Bernard commence par acclamer la démission du sous-préfet viré, dixit son ministère, pour avoir publié sur le Net une tribune "très violemment anti-israélienne" (1).

(Je te rappelle que BHL est l'un des valeureux défenseurs-de-la-liberté-d'expression-foulée-par-les-mahométans
qui ont récemment pétitionné en faveur d'un autre serviteur de l'Etat, non moins tenu que Guigue au devoir de réserve.

Il s'agissait, tu l'as deviné, de l'ineffable Redeker, dont le cas montre que l'islamophobie est au banquet de la réaction le mets le plus raffiné.)

Bernard te raconte qu'il a navigué sur le Net, "sollicitant l'ami Google", afin que d'y trouver quelques renseignements sur le sous-préfet limogé.

Là, il a, dans un premier temps, (re)découvert, fidèle à sa légendaire modestie, l'excellence de sa "vieille thèse sur l'effet d'aveuglement que produit, immanquablement, la monomanie antisioniste".

(Pour le cas où tu ne le saurais pas, je te rappelle (aussi) que ce que BHL appelle une "monomanie antisioniste" est, dans la vraie vie, l'attention portée aux Palestiniens harassés.)

En guise d'illustration de cet effet d'aveuglement, Bernard pose une question où se détecte sa pleine maîtrise de la réalité: "Pourquoi n'entend-on jamais les adversaires d'Israël sur le Tibet?"

La réponse, n'importe quel écolier de CM1 te le dira, est que, dans le monde réel, qui n'a certes aucune espèce de rapport, même très lointain, avec les divagations de nos penseurs de médias, les gens qui se préoccupent du sort de la Palestine ont le souci, aussi, de celui du Tibet - ne serait-ce que pour la simple et bonne raison qu'il y a, entre la colonisation de Gaza et celle de Lhassa, plus de points communs qu'entre, disons, la vraie philosophie et la pensée de BHL (2).

(Tu relèveras, au passage, c'est à ces minucules manipulations langagières que s'identifie le stalinien orthodoxe, que Bernard présente les défenseurs des droits des Palestiniens comme des "adversaires d'Israël" - suggérant, mine de rien, que ces gens-là sont de sinistres salopards ahmadinejadiques, ennemis, non d'un gouvernement, mais d'un pays entier.)

Mais reprenons, si tu le veux bien, le fil de notre (long) récit.

Surfant sur le Net (comme Brice, à Nice, fait sur des vaguelettes), et "naviguant de site en site" (à la façon d'une espèce de Vasco de Gama new look), BHL "tombe sur toute une nébuleuse" de sites qui prennent "la défense du "courageux" fonctionnaire sanctionné".

Sites "nombreux", il va de soi, et qui, surtout, "couvrent l'essentiel du spectre du pire", explique BHL, puisque aussi bien on y trouve "du rouge (altermondialiste)", comme du "brun (Front national et apparentés)", comme du "vert (islamiste radical)".

Tu l'as compris, ami(e), Bernie pose là, comme il fait souvent, l'équation diffamatoire qui depuis quelques années tient lieu de bagage (de cabine) intellectuel à nos clercs de télévision: altermondialistes = extrême droite = Ben Laden.

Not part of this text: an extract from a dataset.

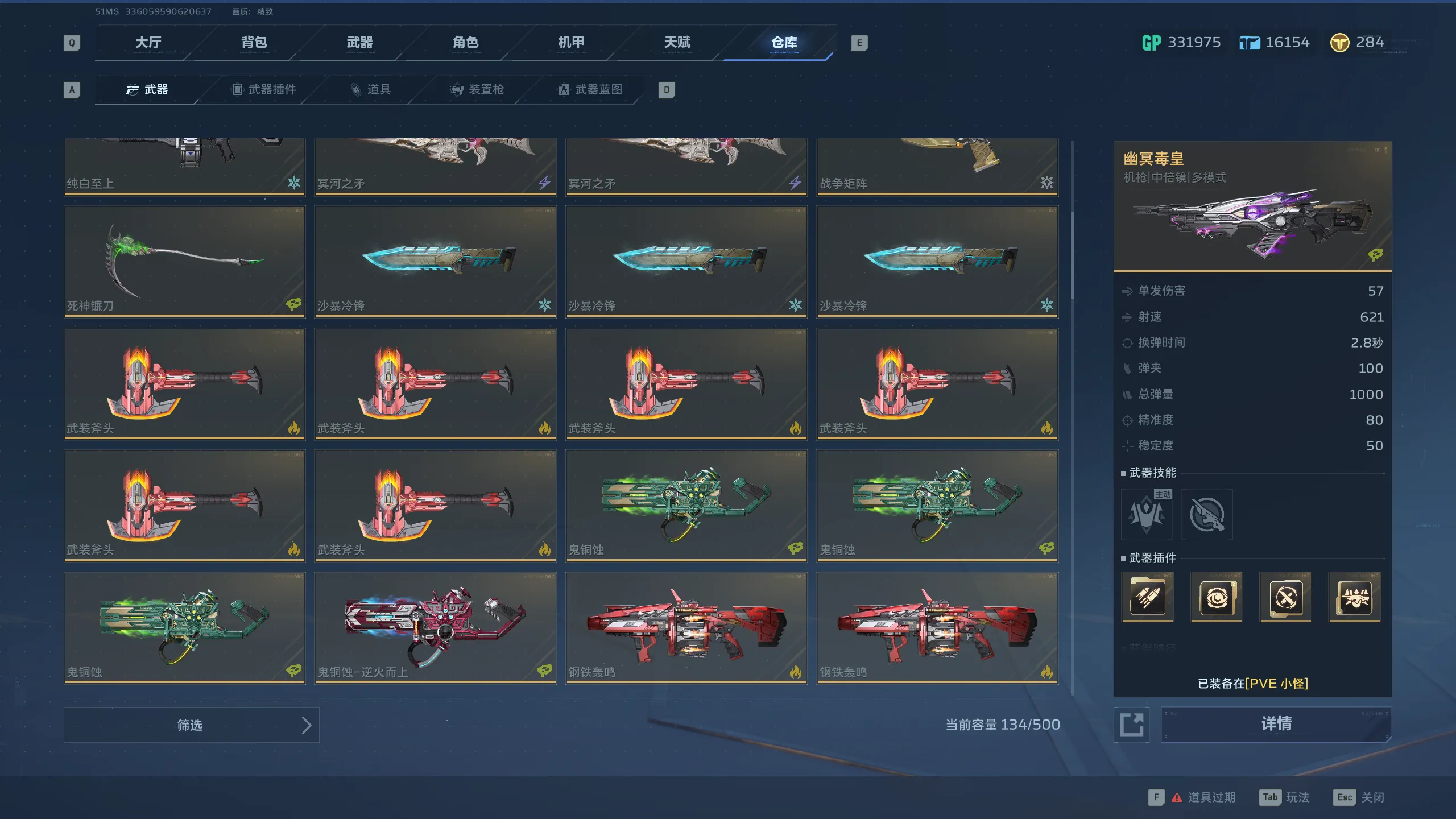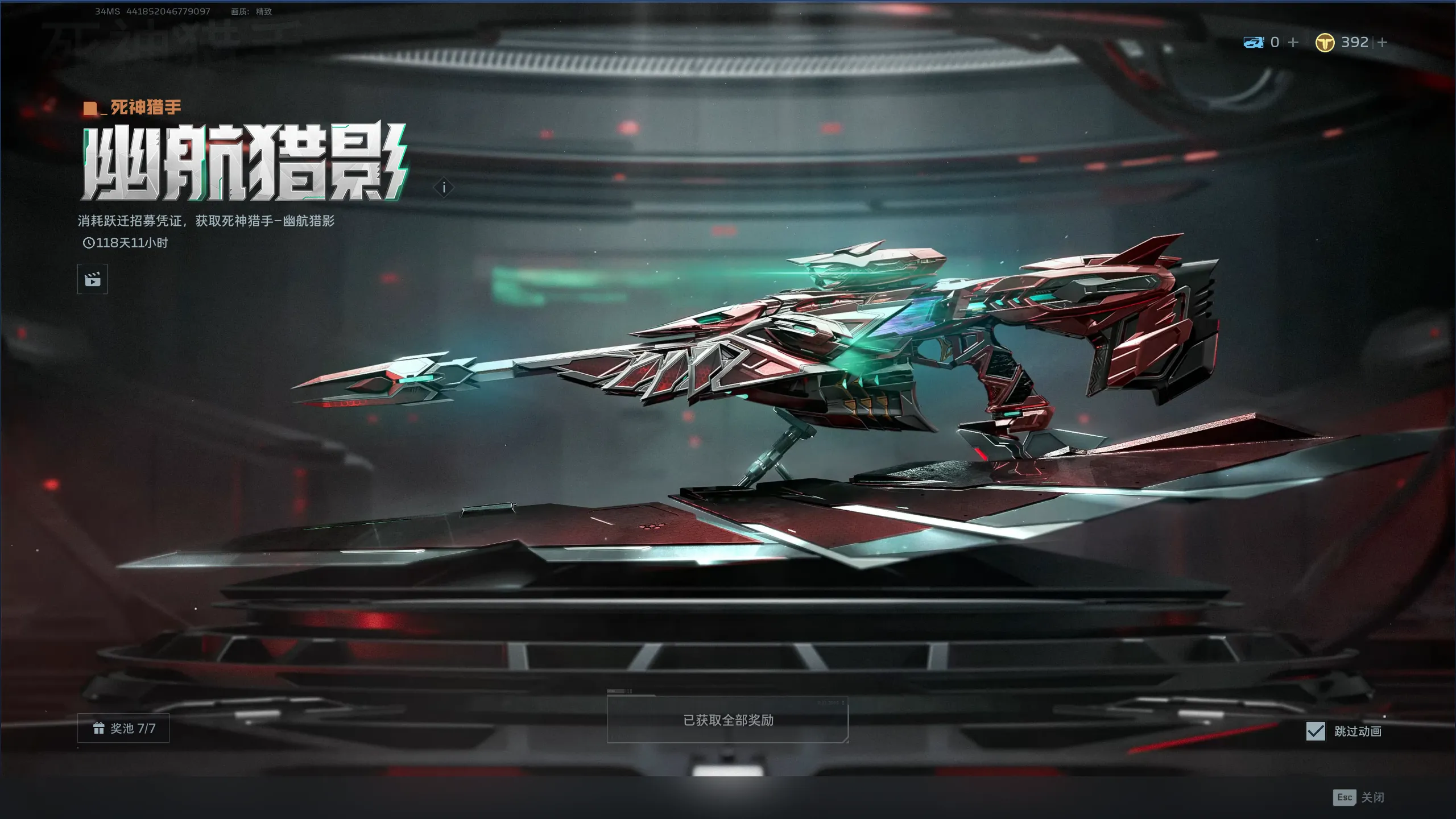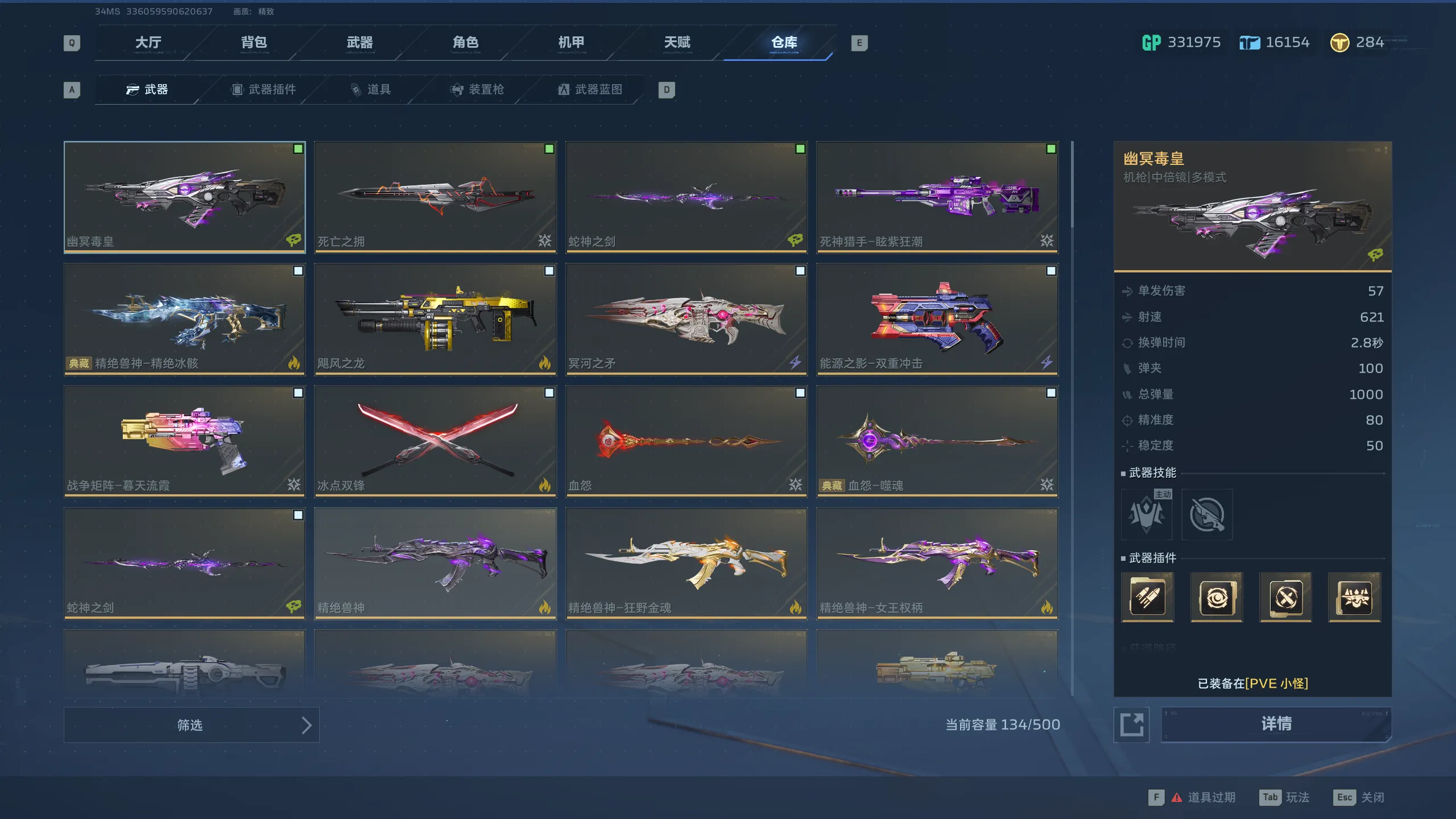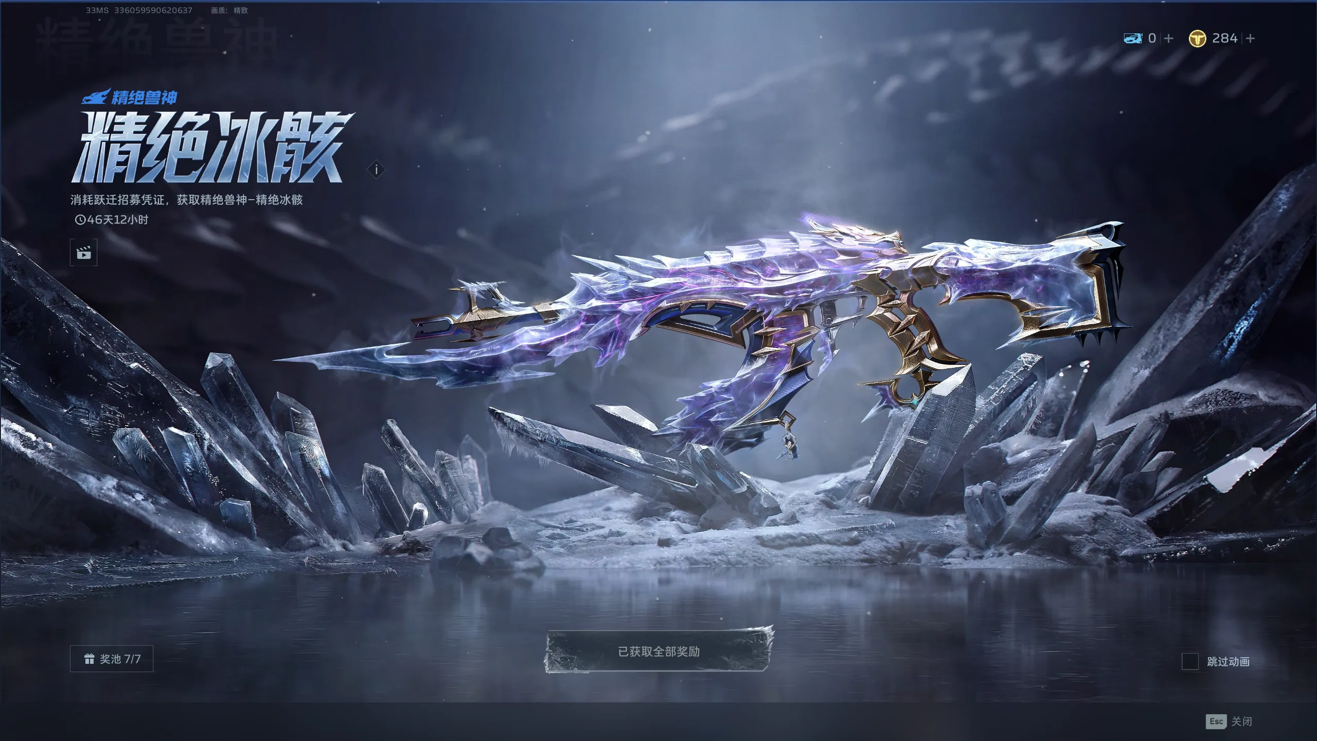 【武器】死神猎手-幽航猎影、幽冥毒皇、死神猎手-眩紫狂潮、精绝兽神-精绝冰骸、飓风之龙、冥河之矛*3、能源之影-双重冲击、战争矩阵-暮天流霞、精绝兽神、精绝兽神-狂野金魂、精绝兽神-女王权柄、纯白至上、战争矩阵、鬼铜蚀*3、鬼铜蚀-逆火而上、钢铁轰鸣*2、春雷震、苔色暴风、超级复合弓、乘风快递*2、振弦、火山口、胜利誓约、雷霆999*3、黄金Z型步枪、胜利誓约-绿潮、死亡猎手*2、裁决之眼*2、死亡猎手-狩、飓风之锤*3、飓风之锤-沙漠涂装*2、沙丘之怒、沙丘之怒-红铁印记、黎明之光、黑克勒45*3、共晶点、共晶点-野草*2、钢铁骑士、光荣之路-祝岁、黑克勒45-呐喊、梦魇、幽冥毒王、幽冥毒王-绿潮、幽冥毒王-金牌大哥、雷霆之影、乘风快递-航迹、收割者*2、生命线、生命线-蝶与寰宇、天鹅之舞、天鹅之舞-翎蓝之翼、杜瓦瓶*2、杜瓦瓶-白铃、维和者、维和者-攀登、铁砧、自动步枪-枪神*2、曙光印记、制式手枪

Pour le dire autrement: BHL, dont la divagation devient, là, franchement odieuse, va très naturellement utiliser le brun et le vert de sa triste palette pour calomnier la gauche de gauche - d'un pinceau plein de haine.

Il écrit, et il me faut ici le citer assez longuement, que les sites altermondialistes, et ceux des fafs et des barbus: "S'accordent tous, en fait, sur une représentation articulée en trois propositions aussi délirantes que simples. Israël est un Etat nazi. Le monde est organisé pour dissimuler cette vérité. Et le cerveau de ce complot, son chef d'orchestre clandestin, le véritable agent des noirs desseins de l'éternelle "Internationale juive", se trouve être ici, à Paris, juste au-dessus de chez Alliot-Marie qui n'est, avec Kouchner, Attali et autres nouveaux "Juifs Süss" (je cite toujours la même plaisante littérature), qu'un instrument docile entre ses mains - il n'est autre, ce juif honteux, caché, chanoinisé, mais démasqué, que... Nicolas Sarkozy lui-même!"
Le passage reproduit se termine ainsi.